I feel that my basic problem is how to regress multiple series on a single series. Although my series are not equal in time, even when I use equal time length series for stock and benchmark(I can provide data I made equal manually if needed) I get an error. I want to estimate a market model (that is, regressing a stock's returns on benchmark's return for each day, for all stocks) and to make a data frame of beta values from the regression in long format. So, for the sample provided, there will be 4 beta values(2 for ABC and 2 for XYZ) in the beta value data frame.

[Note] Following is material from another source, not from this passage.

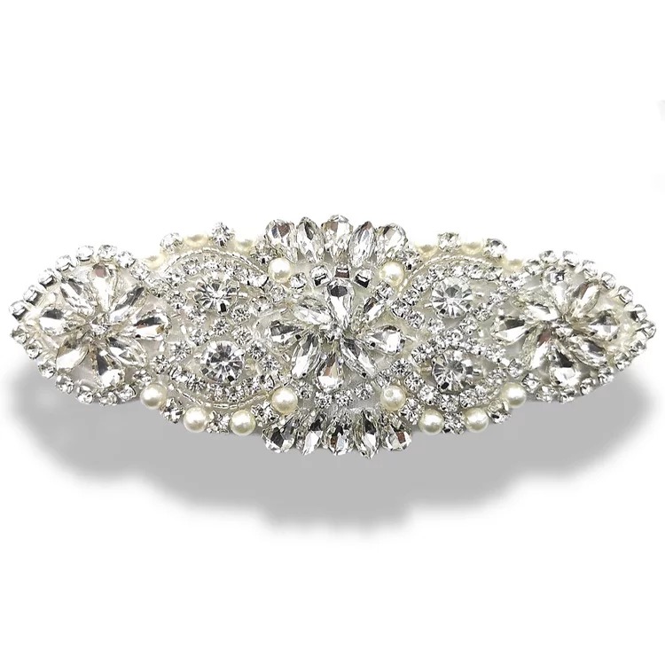 applicazione termoadesiva a tema floreale interamente composta da pietre in vetro e strass. tutto cucito a mano 13 cm x 5 cm
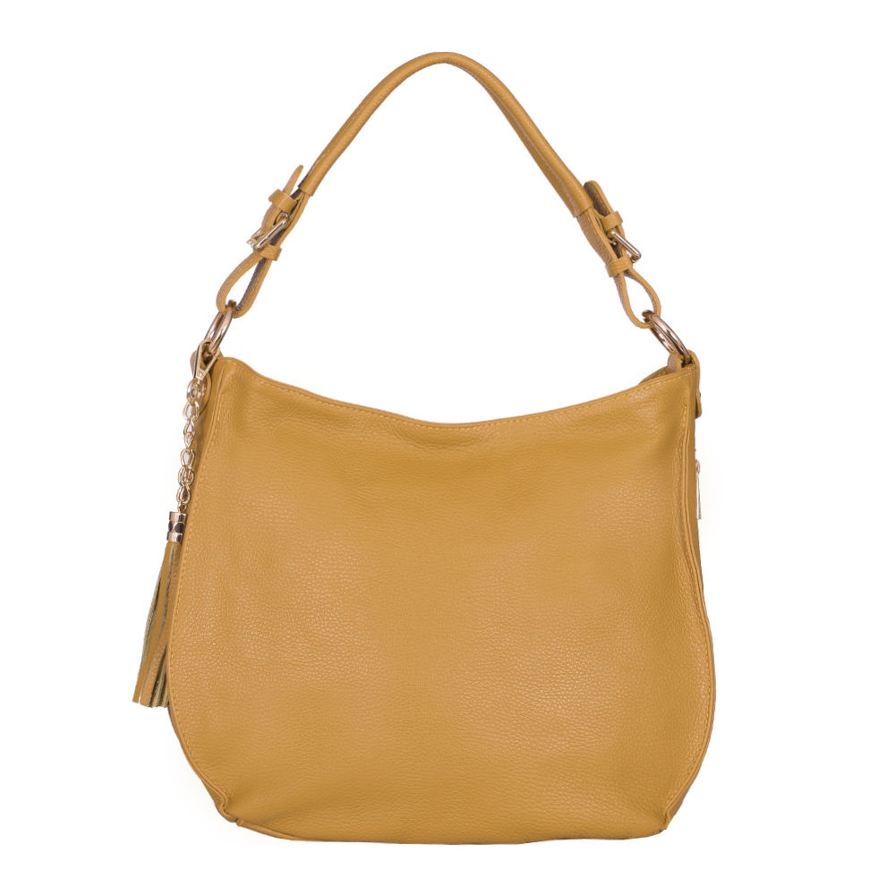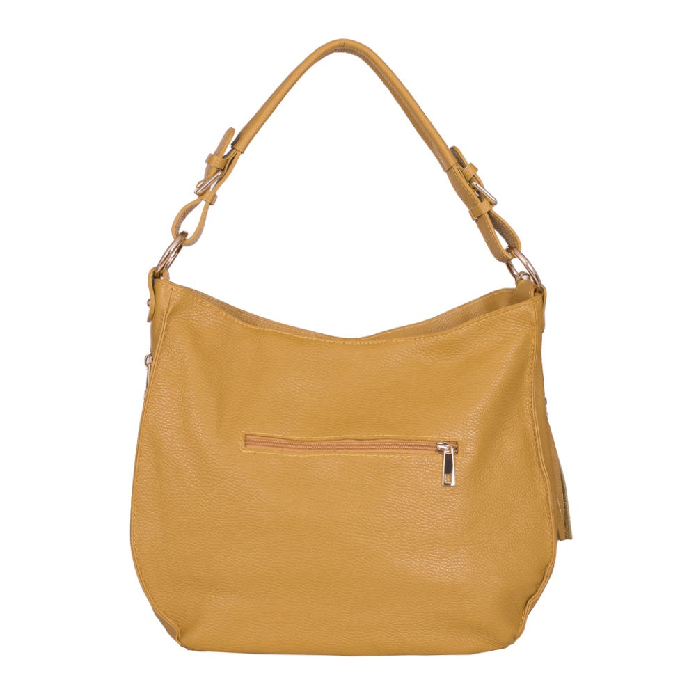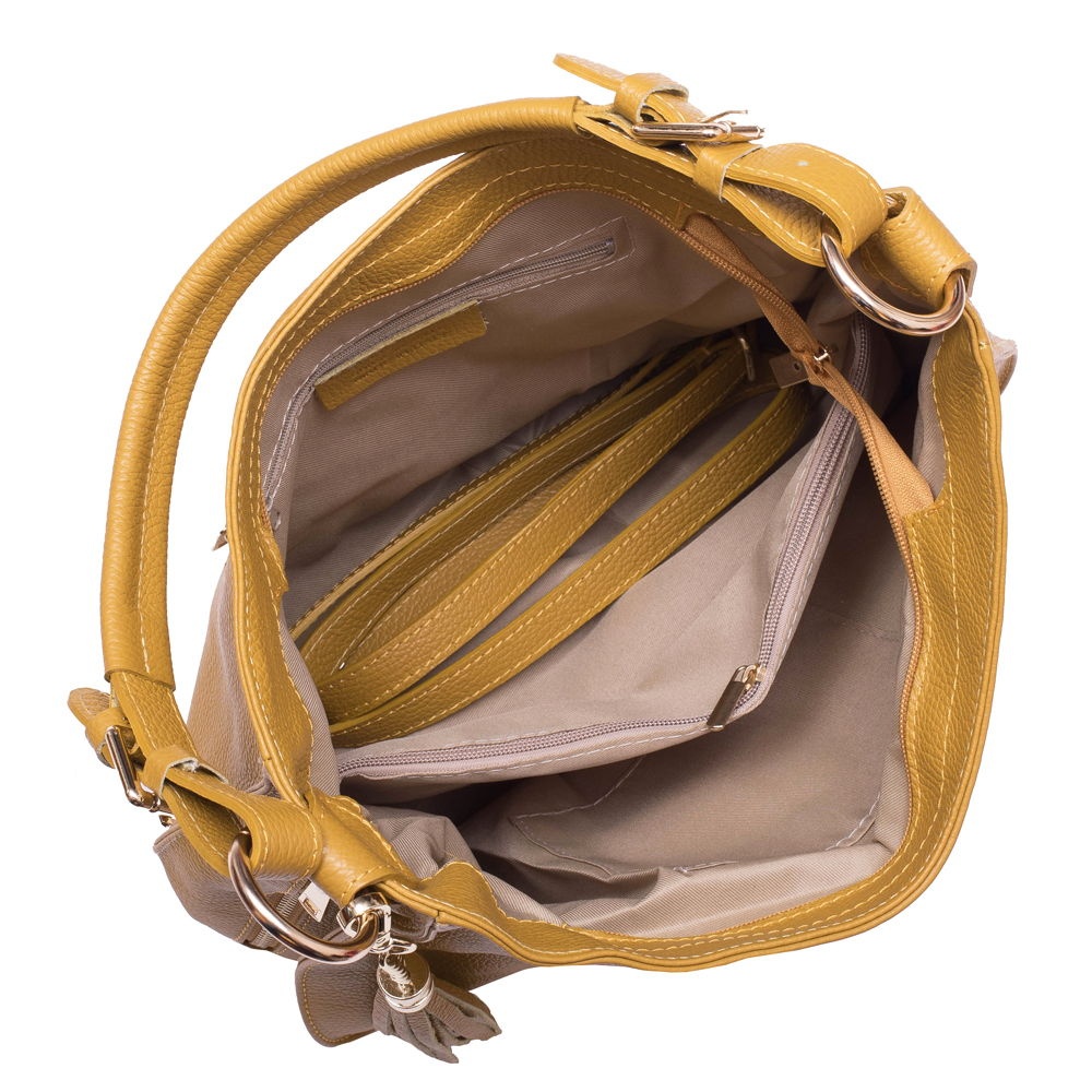 Geanta dama din piele naturala Edina galbena este un model clasic, elegant prin simplitatea sa. Se asorteaza cu tinutele casual, fiind o geanta de zi cu zi excelenta. Este accesorizata cu elemente metalice aurii, ce aduc un look rafinat. MATERIAL: piele naturala DIMENSIUNI (inaltime x lungime x latime la baza): 29x36x13cm INALTIME MANER: 26cm - permite atat purtarea pe brat cat si pe umar GREUTATE: 820g COMPARTIMENTE: doua compartimente separate de un buzunar mare, cu fermoar BUZUNARE: buzunar interior cu fermoar; buzunar interior fara fermoar; buzunar exterior cu fermoar pe partea din spate; buzunar lateral cu fermoar SISTEM DE PRINDERE: maner ce permite purtarea pe brat sau pe umar + bretea de umar detasabila, reglabila, 60-125cm CULOARE ACCESORII: auriu

This is a sample of two stock prices

idf <- structure(list(Firm = c("ABC", "ABC", "ABC", "ABC", "ABC", "ABC", "ABC",
  "ABC", "ABC", "ABC", "ABC", "ABC", "ABC", "ABC", "ABC", "XYZ", "XYZ", "XYZ",
  "XYZ", "XYZ", "XYZ", "XYZ", "XYZ", "XYZ", "XYZ", "XYZ", "XYZ", "XYZ", "XYZ",
  "XYZ"), Date = structure(c(NA, 1451642400, 1451646000, 1451649600, 1451653200,
  1451656800, 1451660400, 1451664000, 1451898000, 1451901600, 1451905200,
  1451908800, 1451912400, 1451916000, 1451919600, NA, 1451642400, 1451646000,
  1451649600, 1451653200, 1451656800, 1451660400, 1451664000, 1451898000,
  1451901600, 1451905200, 1451908800, 1451912400, 1451916000, 1451919600),
  tzone = "UTC", class = c("POSIXct", "POSIXt")), Price = c(1270.9, 1277,
  1273.25, 1273.85, 1273.75, 1272, 1265.35, 1265.35, 1253.1, 1248.1, 1242,
  1248.15, 1241.1, 1246.5, 1242.5, 225.75, 225.7, 225.5, 225.45, 228.6, 227.7,
  227.8, 227.8, 226, 225.1, 222.35, 222.25, 221.1, 221.2, 220.7), rt = c(NA,
  0.00478826614451489, -0.0029408902678254, 0.000471124032113579,
  -7.8505259892836e-05, -0.00137484063686699, -0.00524170116535849, 0,
  -0.00972828256347036, -0.00399808624683118, -0.00489941143098349,
  0.00493947152112462, -0.00566437187907365, 0.00434154082813709, 
  -0.00321414499282824, NA, -0.000221508473604359, -0.000886524880757023, 
  -0.000221754075639957, 0.0138753464936165, -0.00394477829101625, 
  0.000439077943387822, 0, -0.00793305174079517, -0.00399025135959974, 
  -0.0122920309559813, -0.000449842562691316, -0.00518778653061336, 
  0.000452181784779349, -0.00226295638548901), day = structure(c(NA, 16801,
  16801, 16801, 16801, 16801, 16801, 16801, 16804, 16804, 16804, 16804, 16804,
  16804, 16804, NA, 16801, 16801, 16801, 16801, 16801, 16801, 16801, 16804,
  16804, 16804, 16804, 16804, 16804, 16804), class = "Date")),
  .Names = c("Firm", "Date", "Price", "rt", "day"),
  row.names = c(NA, -30L), class = c("tbl_df", "data.frame"))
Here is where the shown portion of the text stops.